Thanks all for your input it's very useful - Waeco is specifically a brand I've been looking at, but with such a high price tag on some models and few Internet reviews it's hard to know if they are value for money or not, so I am pleased to see a valued opinion on the Waeco range, thank you for that.

My husband has previously used the cooler variety and whilst it isn't nearly as good or efficient as a 'proper' portable fridge it has done a more than adequate job at keeping his food cold, we just had to follow a few rules. We're in England (uk) and to be fair it does get extreme temperatures here, even in the height of summer only in a rare (and short!) occasion does it ever reach the late 20c 's range. So a preprepared breakfast, lunch and dinner taken from the household fridge is placed in the 12v cooler along with a couple of small ice packs from the freezer (and usually a frozen bottle of drink from the freezer for the latter end of the day) is sufficient to keep his food cool/cold for the day, as long as he only opens the bag to take something from it (doesn't leave the bag open for any period of time).
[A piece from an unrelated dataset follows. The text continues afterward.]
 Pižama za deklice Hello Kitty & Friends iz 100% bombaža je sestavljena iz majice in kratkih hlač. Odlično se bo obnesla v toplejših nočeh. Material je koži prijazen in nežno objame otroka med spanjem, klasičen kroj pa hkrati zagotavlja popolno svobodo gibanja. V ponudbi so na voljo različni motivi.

This has worked well for a couple of years and the bag was (whilst pricey for a cooler) was a lot cheaper than a mini fridge and very versatile and easy to transport being a soft padded bag. I think his only real disappointment is that it doesn't cool anything from an ambient temperature (as expected) and this is probably where he'd favour a fridge over a cooler.
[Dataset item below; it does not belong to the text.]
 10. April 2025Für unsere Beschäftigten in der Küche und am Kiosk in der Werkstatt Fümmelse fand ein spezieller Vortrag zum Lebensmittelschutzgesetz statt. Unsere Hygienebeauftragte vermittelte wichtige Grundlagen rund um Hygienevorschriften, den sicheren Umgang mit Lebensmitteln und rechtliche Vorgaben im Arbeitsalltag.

I'll keep up my research, thank you all for your comments so far 

Sarah


----------



## Mickey (Aug 14, 2010)

Sarah, I'm not real clear on what this "bag" you talk about actually is.

Just for the Halibut, I ran a small test yesterday using my thermoelectric cooler that is an insulated rigid plastic container. Shop was at 63/17 when started. Let it cool for .75 hr then put in 2 qts of water which was at room temp. 1.75 hr later the water had dropped to 57/13.9. Was away from the house much of the day but after 7 hrs, the air temp was 73/22.7, and water at 49/9.5. If air temp was higher, then temps inside the cooler would have been higher also.
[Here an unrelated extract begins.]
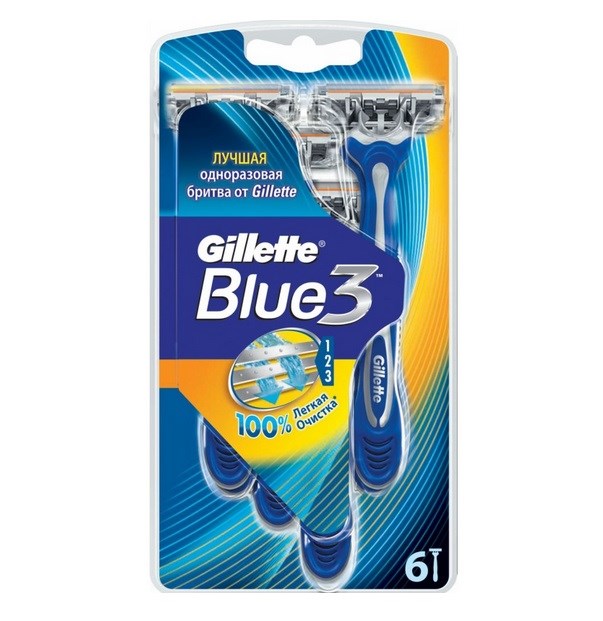 Gillette Blue 3 Disposable Scrapers - 6 Pcs. - here you get disposable scrapers of good quality. Gillette is the uncrowned king of men's disposable shaving equipment.

So much for cooling. If contents had been pre-cooled I suspect contents would have been/stayed colder.

Hope you can find something that suits your needs.


----------



## MBTRAC (May 28, 2012)

Apart the Waeco fridges you might also look at an the Engel - Engel is also a premium brand which is tough enough to handle constant hard use. ......Good luck & let us know what you end up buying.


----------